COTI V2 Confidentiality Preserving L2 | SDKs and Examples

All repositories specified below contain smart contracts that implement confidentiality features using the COTI V2 protocol. The contracts provide examples for various use cases, such as Non-Fungible Tokens (NFTs), ERC20 tokens, Auction, and Identity management.

These contracts demonstrate how to leverage the confidentiality features of the COTI V2 protocol to enhance privacy and security in decentralized applications. The contracts are of Solidity and can be compiled and deployed using popular development tools like Hardhat and Foundry (Work in progress).

Important Links:

Docs | Devnet Explorer | Discord | Faucet

Interact with the network using any of the following:

1. Python SDK | Python SDK Examples
2. Typescript SDK | Typescript SDK Examples
3. Hardhat Dev Environment

The following contracts are available in each of the packages:

| Contract | | python sdk | hardhat sdk | typescript sdk | Contract Description | |--------------------------------|------------|------------|-------------|----------------|-----------------------------------------------------------------------------------------------------------------------------------------------| | AccountOnboard | deployment | ✅ * | ✅ | ❌ | Onboard a EOA account - During onboard network creates AES unique for that EOA which is used for decrypting values sent back from the network | | AccountOnboard | execution | ✅ | ✅ | ✅ | " | | ERC20Example | deployment | ✅ | ✅ | ❌ | Confidential ERC20 - deploy and transfer encrypted amount of funds | | ERC20Example | execution | ✅ | ✅ | ✅ | " | | NFTExample | deployment | ❌ | ✅ | ❌ | Confidential NFT example - saving encrypted data | | NFTExample | execution | ❌ | ✅ | ❌ | " | | ConfidentialAuction | deployment | ❌ | ✅ | ❌ | Confidential auction - encrypted bid amount | | ConfidentialAuction | execution | ❌ | ✅ | ❌ | " | | ConfidentialIdentityRegistry | deployment | ❌ | ✅ | ❌ | Confidential Identity Registry - Encrypted identity data | | ConfidentialIdentityRegistry | execution | ❌ | ✅ | ❌ | " | | DataOnChain | deployment | ✅ | ❌ | ❌ | Basic encryption and decryption - Good place to start explorining network capabilties | | DataOnChain | execution | ✅ | ❌ | ✅ | " | | Precompile | deployment | ✅ | ✅ | ❌ | Thorough examples of the precompile functionality | | Precompile | execution | ✅ | ✅ | ❌ | " |- |

(*) no deployment needed (system contract)

[!NOTE]
Due to the nature of ongoing development, future version might break existing functionality

Faucet

🤖 To request devnet/testnet funds use our faucet

COTI v2 Typescript SDK

[!NOTE] Please refer to the latest tags to find the most stable version to use. All tagged versions are available to install via npmjs

The COTI Typescript SDK is composed of two main components:

1. The crypto_utils.ts: used for cryptographic operations.

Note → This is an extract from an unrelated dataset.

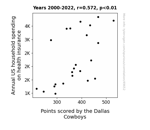 This means 32.7% of the change in the one variable (i.e., Points scored by the Dallas Cowboys) is predictable based on the change in the other (i.e., Annual US household spending on health insurance) over the 23 years from 2000 through 2022.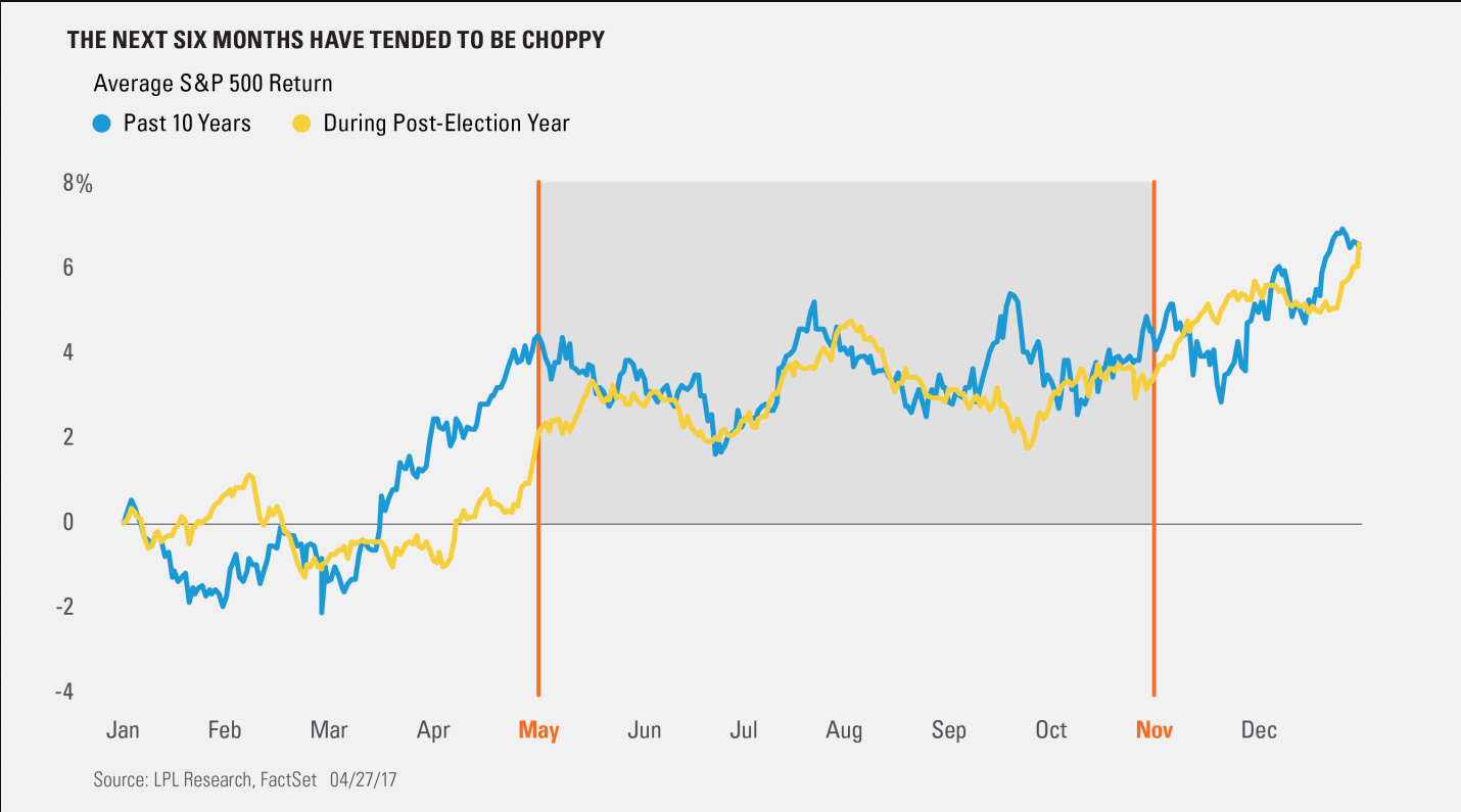 Here’s the SP500 average return in the past 10-years and during post-election year; peak in May, low in June, retest in the fall. This could be used as a guideline.

2. The ether_utils.ts : used for ethers related operations

3. Typescript classes to interact with the COTI network. These are located in the src/account directory. The following are provided:

• confidential-account.ts: designed to handle confidential data by providing methods for encryption and decryption, as well as onboarding new wallets. It utilizes cryptographic functions to ensure the security of data on the COTI network.

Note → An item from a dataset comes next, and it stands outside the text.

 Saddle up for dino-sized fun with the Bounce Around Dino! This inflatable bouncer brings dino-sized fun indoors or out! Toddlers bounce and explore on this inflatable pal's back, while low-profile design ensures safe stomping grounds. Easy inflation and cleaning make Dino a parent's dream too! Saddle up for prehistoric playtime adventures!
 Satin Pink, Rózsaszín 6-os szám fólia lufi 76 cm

• onboard_contract.ts: interact with the onboarding smart contract. The address and ABI allow a web3-enabled application to connect to the contract, listen for events, and call the OnboardAccount function to onboard new accounts.

• onboard.ts: facilitates the onboarding of new users by generating cryptographic keys, signing data, and interacting with a blockchain smart contract. The onboard function automates the entire process, ensuring secure onboarding and key management.

crypto_utils.ts

This TypeScript library, crypto_utils.ts, provides cryptographic functions to interact with the COTI network. Below is an overview of its components and functions:

Dependencies

• crypto: Node.js built-in module for cryptographic operations.
• ethers: Ethereum library for various utilities, including solidityPackedKeccak256, SigningKey, getBytes, and BaseWallet.

Constants

• block_size: AES block size in bytes (16).
• hexBase: Base for hexadecimal representation (16).

Functions

AES Encryption/Decryption

1. encrypt(key: Buffer, plaintext: Buffer)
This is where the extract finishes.